*** Block opens ***

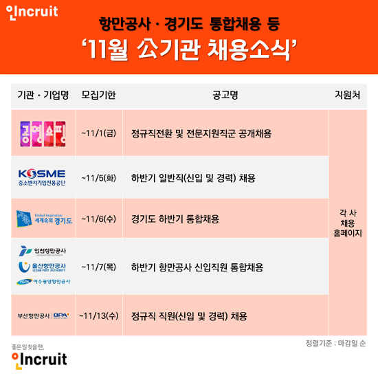 ¿À´Â 11¿ù °¢Á¾ °ø°ø±â°ü°ú °ø±â¾÷ÀÇ ½Å±Ô ä¿ëÀÌ ÇÑâÀÌ´Ù. ÇöÀç Ç׸¸°ø»ç¿Í °æ±âµµ °ø°ø±â°üÀº ÅëÇÕä¿ëÀ», Áß¼Òº¥Ã³±â¾÷ÁøÈï°ø´ÜÀº ÇϹݱâ Á¤±ÔÁ÷À» ¸ðÁý ÁßÀÌ´Ù. Ãë¾÷Æ÷ÅÐ ÀÎÅ©·çÆ®(´ëÇ¥ ¼¹Ì¿µ www.incruit.com)°¡ ¼·ù ¸¶°¨À» ¾ÕµÐ °ø°ø±â°ü ¹× °ø±â¾÷(Ç׸¸°ø»ç¤ý°æ±âµµ°ø°ø±â°üÅëÇÕä¿ë¤ýÁß¼Òº¥Ã³±â¾÷ÁøÈï°ø´Ü¤ý°ø¿µÈ¨¼îÇÎ)ÀÇ Ã¤¿ë ¼Ò½ÄÀ» Çѵ¥ ¸ð¾Ò´Ù.
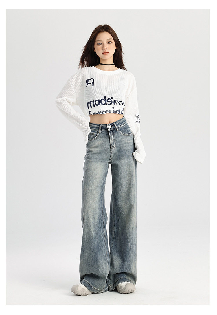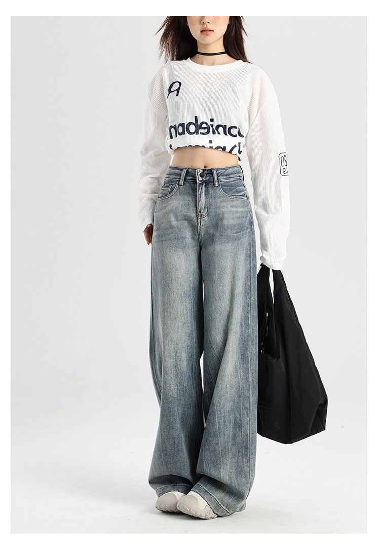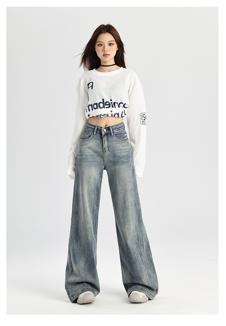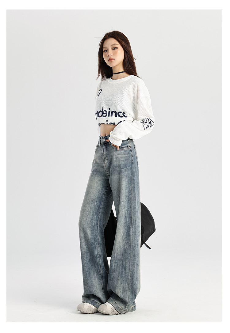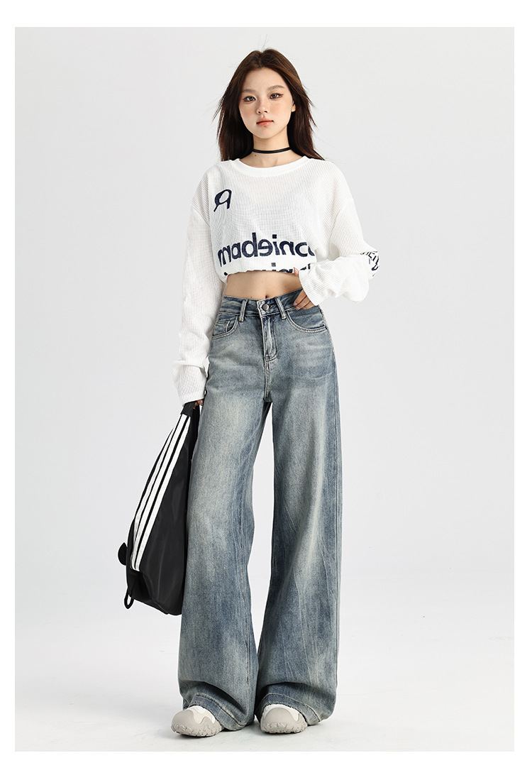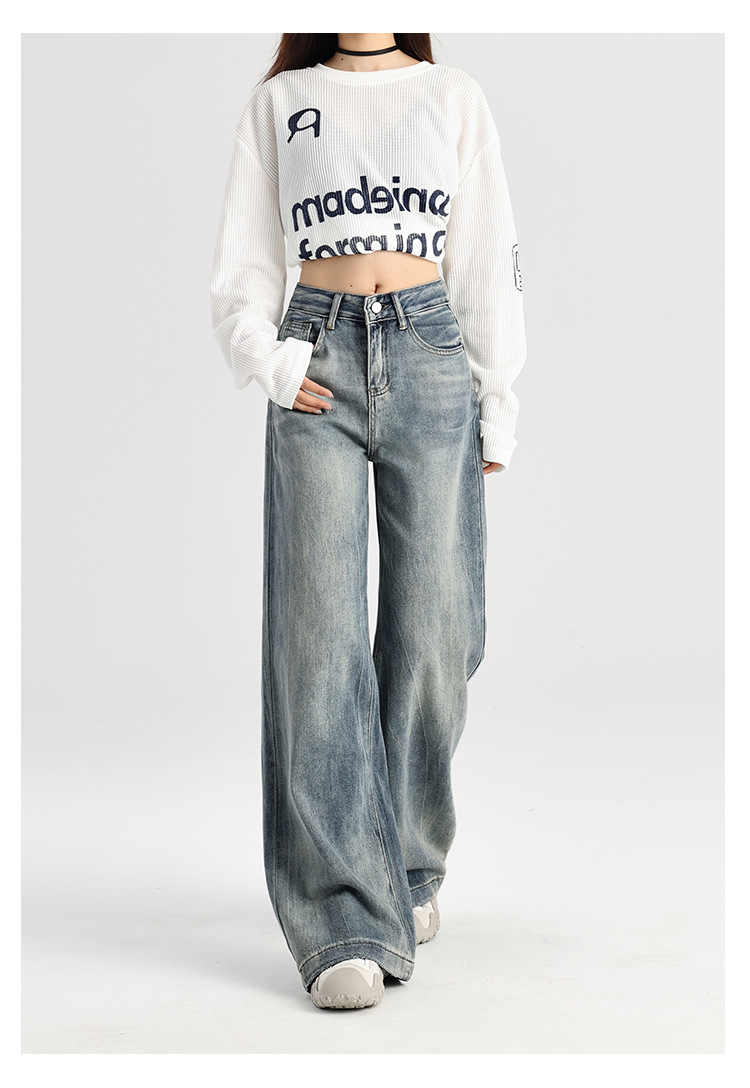 미국식 레트로 와이드 레그 청바지 여성 가을 하이 웨이스트 느슨한 게으른 바람 딥 업 바지스토어 가기
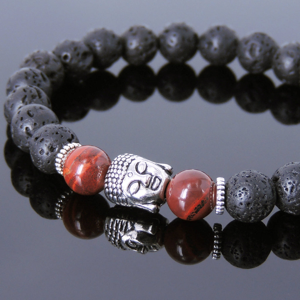 Materials: Lava Rock,Red Jasper Stone,Tibetan Silver,Elastic Cords
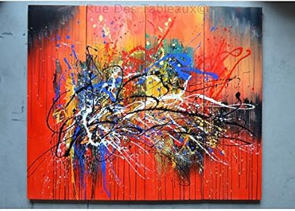Deinebilder24 Quadro Da Parete Xxl Con Schizzi Di Colori Astratti Rosso Blu Viola Giallo Su Tela E Telaio Migliore Qualita Realizzato A Mano In Germania Stampa Su Tela 70 X 90
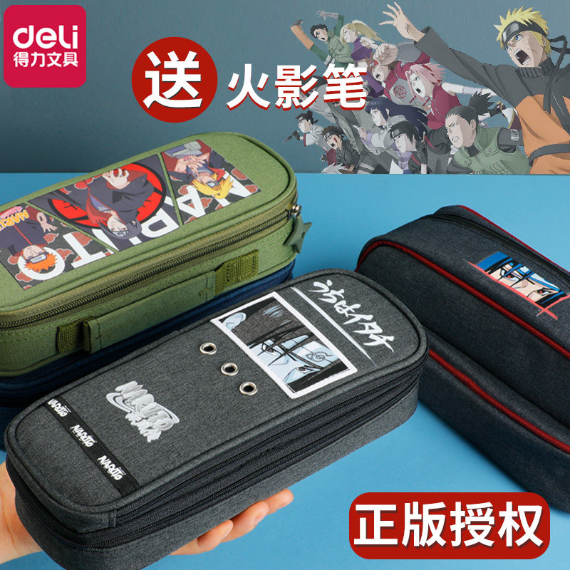 得力火影笔袋大容量帆布多层多规格多功能文具收纳袋简约高颜值日系高级动漫联名限定铅笔袋高中学生儿童笔盒热门设计联盟服务商
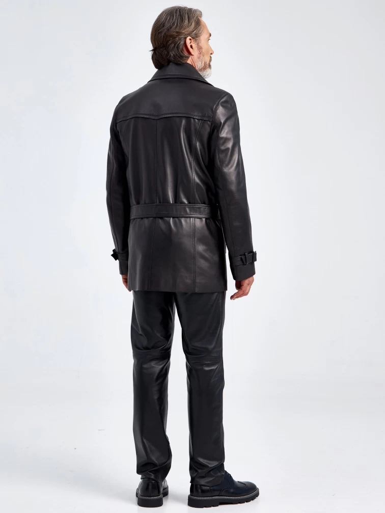 Двубортный мужской кожаный тренч на поясе 525, черный, размер 50, артикул 29060
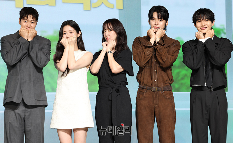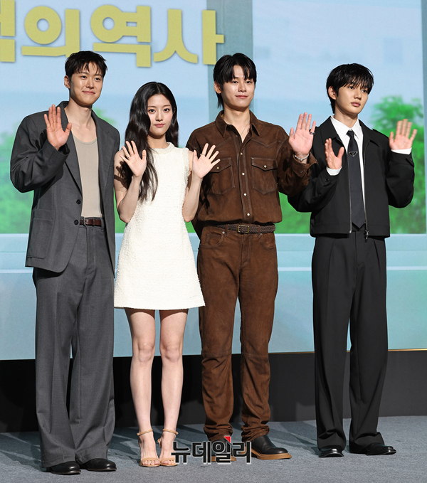 배우 공명(왼쪽부터), 신은수, 차우민, 윤상현이 25일 오전 서울 마포구에서 호텔 나루 서울 엠갤러리에서 열린 넷플릭스 영화 '고백의 역사(각본 감독 남궁선)' 제작보고회에서 포즈를 취하고 있다.'고백의 역사'는 1998년, 열아홉 소녀 박세리가 일생일대의 고백을 앞두고 평생의 콤플렉스인 악성 곱슬머리를 펴기 위한 작전을 계획하던 중 전학생 한윤석과 얽히며 벌어지는 청춘 로맨스다.배우 공명, 신은수, 차우민, 윤상현 등이 출연한다. 29일 공개.
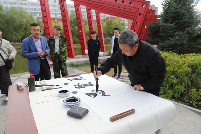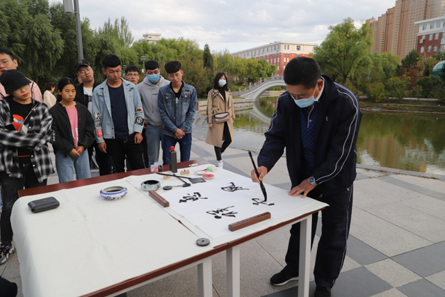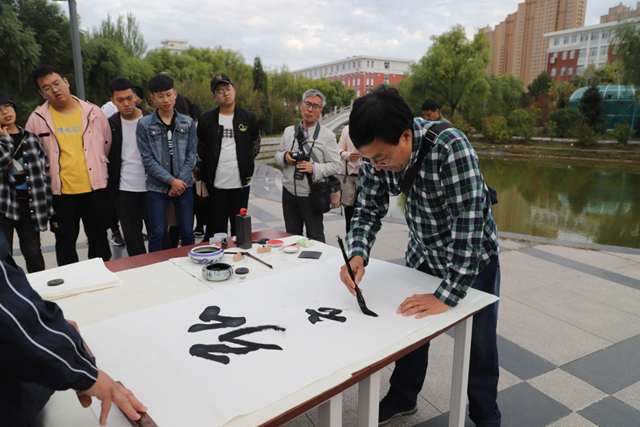 9月24日下午,由校党委宣传部与团委联合举办,齐工程书法爱好者协会承办的学校建校三十周年系列活动之“秋到易湖畔·墨香飘校园”——鹤城书法家齐工程笔会在我校举行。
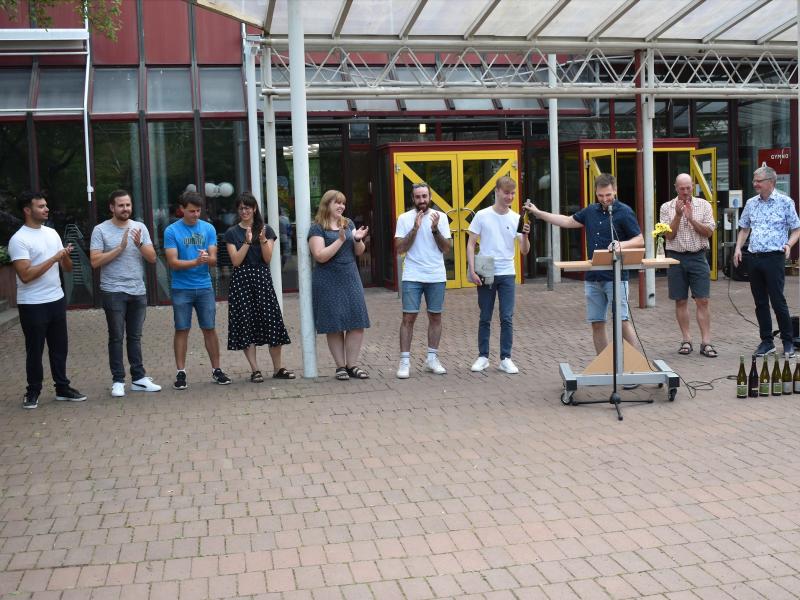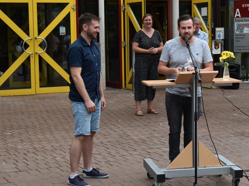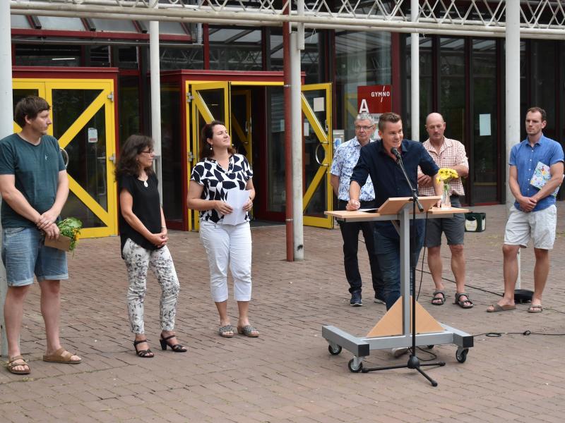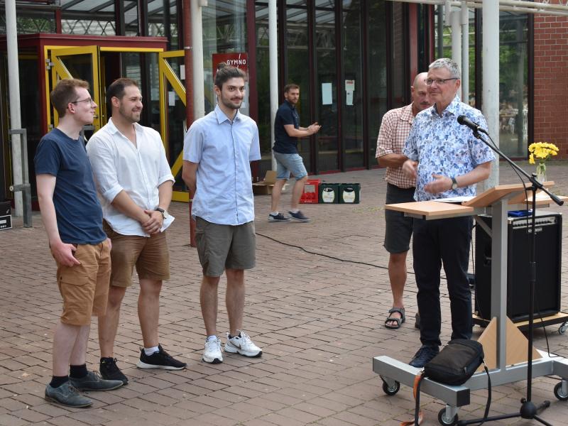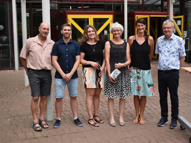 Wir verabschieden uns von den Referendar*innen, die kürzlich ihre zweite Staatsprüfung erfolgreich bestanden haben und nun an eine andere Schule wechseln: Tino Catania, Sabine Feyrer, Kevin Klee, Valentin Glasner, Jonathan Leisch und Marc Schönborn. Wir wünschen ihnen viel Erfolg an der neuen Schule und freuen uns sehr, dass Yves Hellenkamp und Sarah Braun weiterhin am Gymno unterrichten.
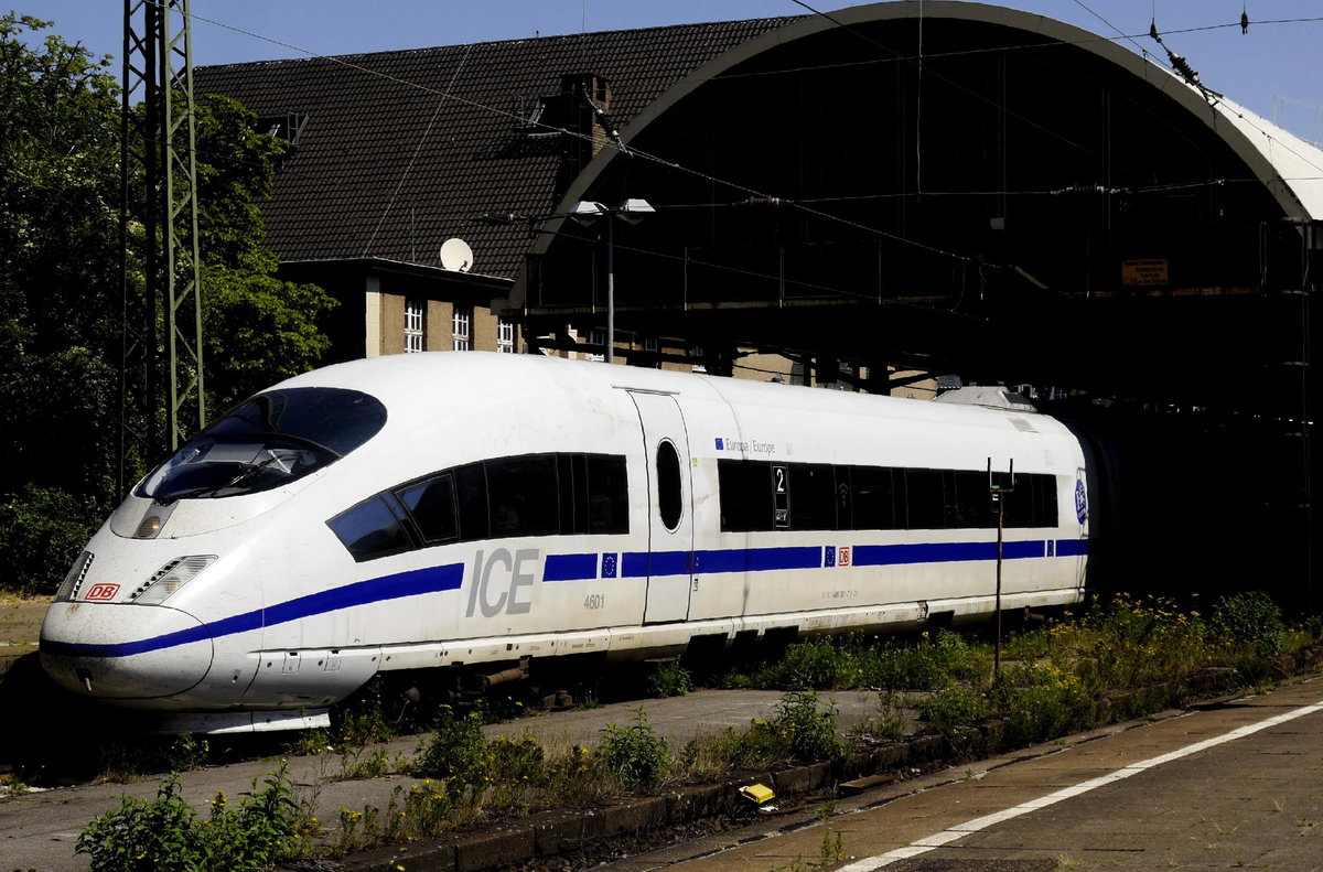 Triebkopf 406 501 sommerlich angestrahlt, den Rest des Zuges verschluckt die Dunkelheit der Halle des Hbf Mönchengladbach. (ICE 153 Amsterdam - Frankfurt, umgeleitet über den Grenzübergang Venlo wegen baustellenbedingter Sperrung der KBS 420, MG Hbf Gleis 1 Ersatzhalt für Duisburg und Düsseldorf, 27.6.19).

*** Block closes ***

#### Directions for this task:
Leaving out each picture, repeat exactly the lines above from the one that contains "得力火影笔袋大容量帆布多层多" through the one that contains "Двубортный мужской кожаный".

#### Exercise solution:
 得力火影笔袋大容量帆布多层多规格多功能文具收纳袋简约高颜值日系高级动漫联名限定铅笔袋高中学生儿童笔盒热门设计联盟服务商
 Двубортный мужской кожаный тренч на поясе 525, черный, размер 50, артикул 29060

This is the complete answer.